Taking on the One Billion Row Challenge in C
2024-02-06
I will share below what I have done and learned by taking on the One Billion Row Challenge in C.
Am I allowed to do this challenge?
Earlier this year I read the announcement of the One Billion Row Challenge. The challenge was to parse and summarize 1 billion rows of CSV as fast as possible... in Java.
I remember reading the blog post and thinking "this sounds like something I would enjoy" until I hit the requirement to do it in Java. Not because I have something against Java, but because I have virtually no experience in that language so the challenge would become "using Java" rather than "process data quickly".
I decided it wasn't for me and I moved on. Then several weeks later I found out that many people did the challenge for themselves in whatever language they felt like, and I felt stupid for not realizing I could have done the same.
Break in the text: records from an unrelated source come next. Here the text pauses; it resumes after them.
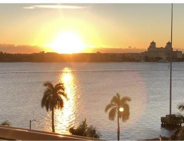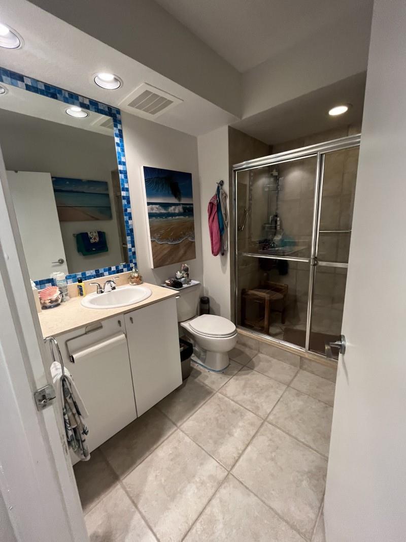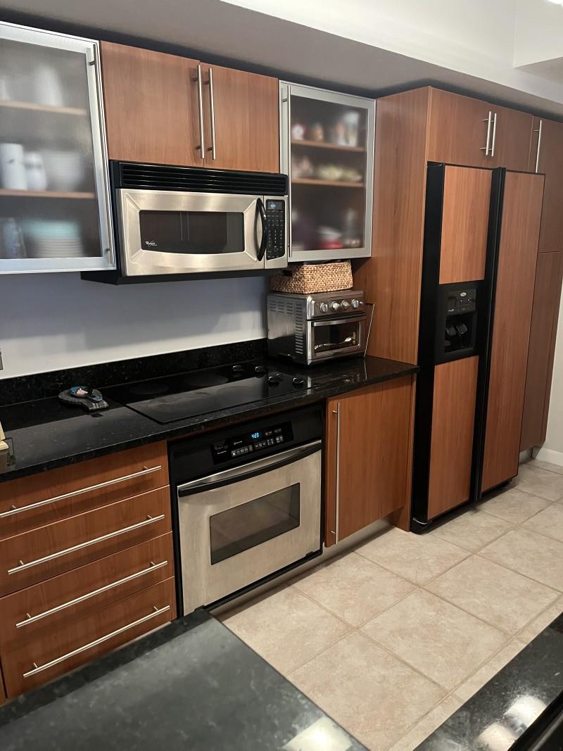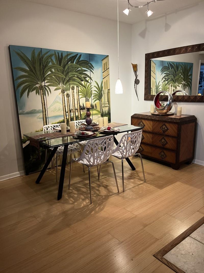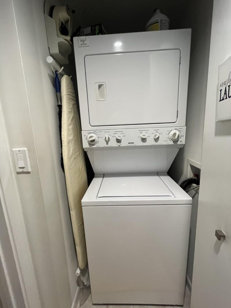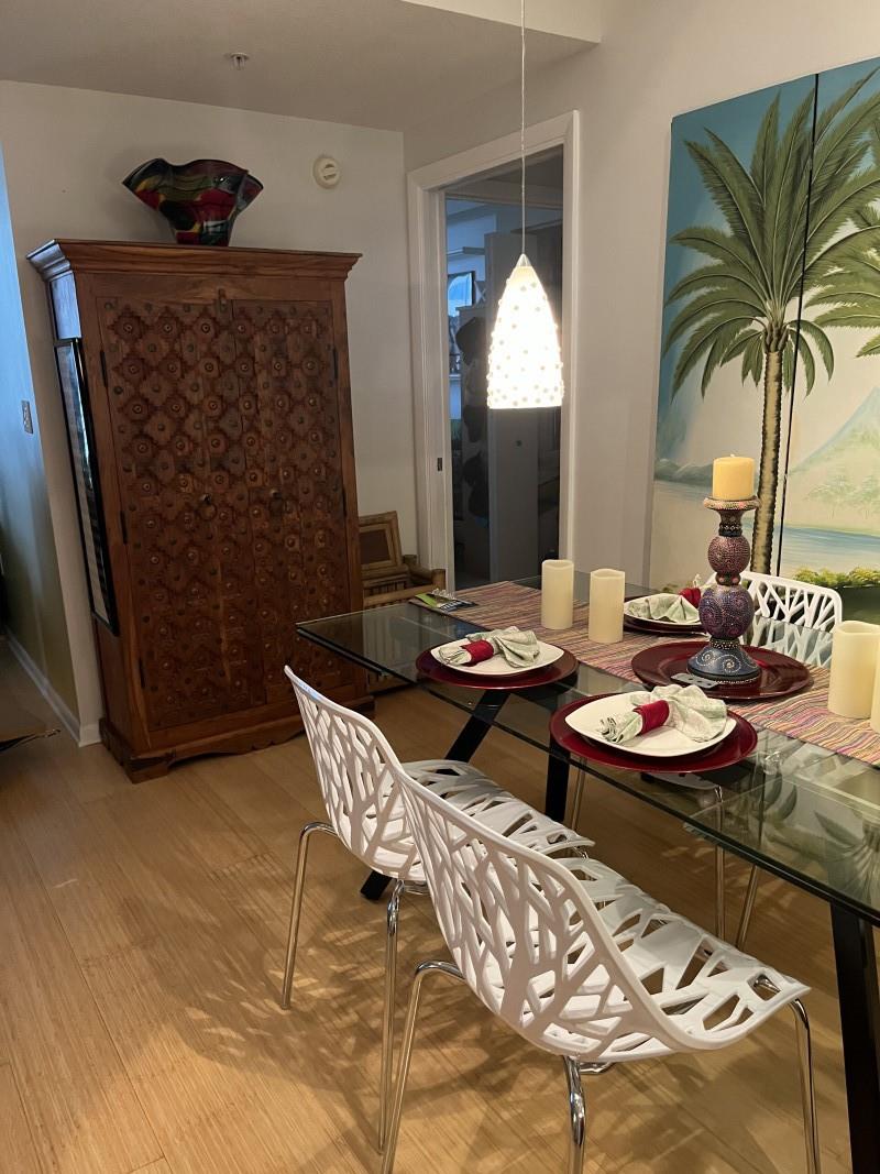 SELLER PAYS ALL CURRENT ASSESSMENTS. Breathtaking intracoastal view at the coveted SLADE! Bamboo floors in all well-appointed living areas & neutral tiles in kitchen and baths. Stunning light fixtures throughout. Open floor plan. Stainless steel kitchen stars a 2 drawer dishwasher. Lots of storage with custom soft-close pullouts. Full size stackable washer/dryer next to guest bath with walk-in shower. Close the pocket door to guest bedroom suite for privacy. The main bedroom suite has nice size walk-in and wall closets! The bathroom has relaxing soaking tub & massage jets for shower. Your deeded garage space is steps from the east elevator and your home &the largest in the building, envied by all.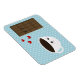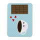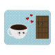 Uma xícara de café kawaii e bar de chocolate, olhem bem um para o outro, com três corações vermelhos flutuando entre eles. O fundo é azul claro com bolinhas.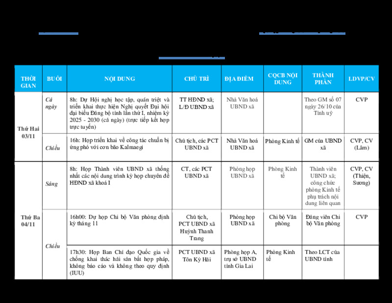 | Tiêu đề văn bản | Lịch công tác tuần của Thường trực HĐND và Lãnh đạo UBND xã (Từ ngày 3/11/2025-07/11/2025) | ||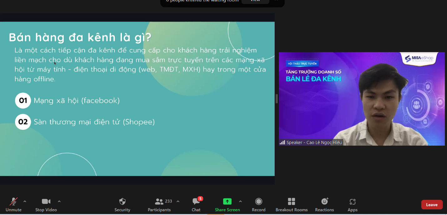 Với hơn 6 năm kinh nghiệm trong lĩnh vực bán hàng đa kênh, đặc biệt thành công trên các sàn Thương mại Điện tử (TMĐT) hàng đầu Việt Nam, diễn giả Cao Lê Ngọc Hiếu đã đem đến phần trình bày hấp dẫn và chi tiết về cách thức bán hàng trên cả mạng xã hội và các sàn TMĐT. Đưa ra những ưu điểm, nhược điểm cùng cách khắc phục khi bán hàng tại hai kênh Facebook và Shoppee, diễn giả Cao Lê Ngọc Hiếu kết luận rằng “Giải pháp bán hàng đa kênh đảm bảo cửa hàng vận hành tốt nhất có thể, giúp cắt giảm chi phí và tăng trưởng doanh thu.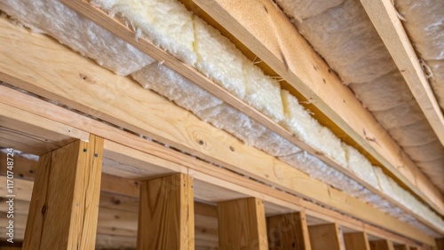 A detailed shot focusing on the edges of the fiberglass insulation where it meets the rough lumber of the studs. The insulation appears slightly compressed at the joints
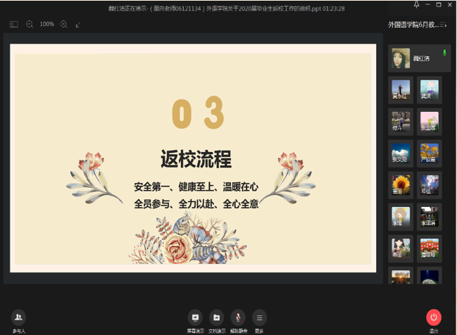 党委副书记魏红洁向大家详细讲解了《金年会诚信信誉至上2020届毕业生返校工作方案》。据统计,自6月15日至30日,我院共有318名毕业生获得批准返校。为热情、周到、安全、有序做好我院毕业生返校相关工作,学院成立了毕业生返校办理毕业手续工作领导小组,由院党委书记和院长担任组长;制定了详细的毕业生返校流程,每一名毕业生返校都安排有联系人,联系人均由学院教师和学生志愿者担任。魏红洁副书记号召全院教职工积极主动参与到毕业生返校工作中来,让学生高兴而来,满意而归。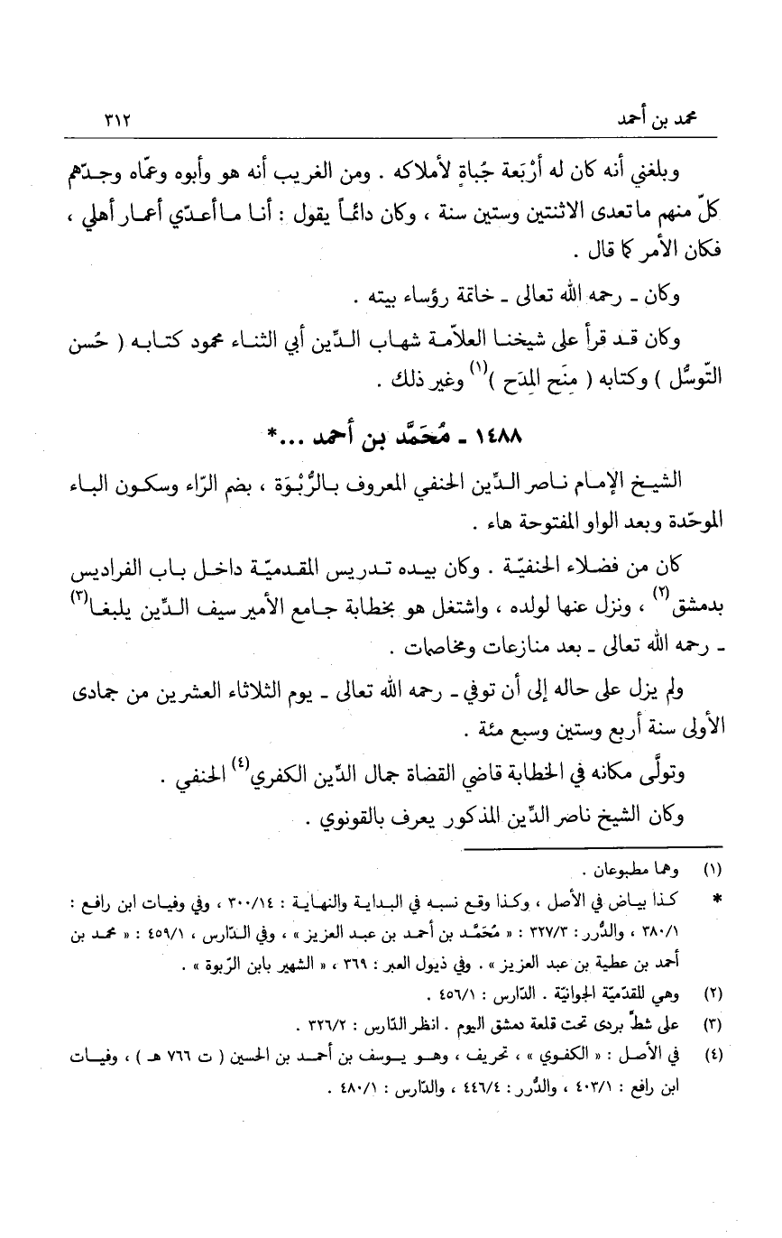 الشيخ الإمام ناصر الدين الحنفي المعروف بالربوة، بضم الراء وسكون الباء الموحدة وبعد الواو المفتوحة هاء.

When I was done feeling stupid I started doing the challenge for myself after all, in C.
A big lesson here is that I need to be more critical when I tell myself I cannot do something or that something is not for me.
Generating the inputs
The official repository for the challenge contains Java code that can generate random data to test your solution on. There is no download link for the test data, you have to generate it yourself.
I tried generating the data on my local machine but I kept running into Java compiler errors that I did not understand. I decided it would be more fun to implement my own test data generator than to fix the compiler errors.
The test data purports to be a series of temperature readings from weather stations. The challenge repository contains a 45 thousand line CSV file of (weather station, mean temperature) pairs. The test generator selects up to 10,000 rows from the weather station CSV and then generates N random readings for those weather stations. The temperature values are generated by the Java nextGaussian
standard library function.
The C standard library has no nextGaussian function. The Java documentation however helpfully explains that the underlying algorithm is the Marsaglia polar method. The Wikipedia page for that algorithm has C++ example code that I copy-pasted and modified to become C and fit in my program.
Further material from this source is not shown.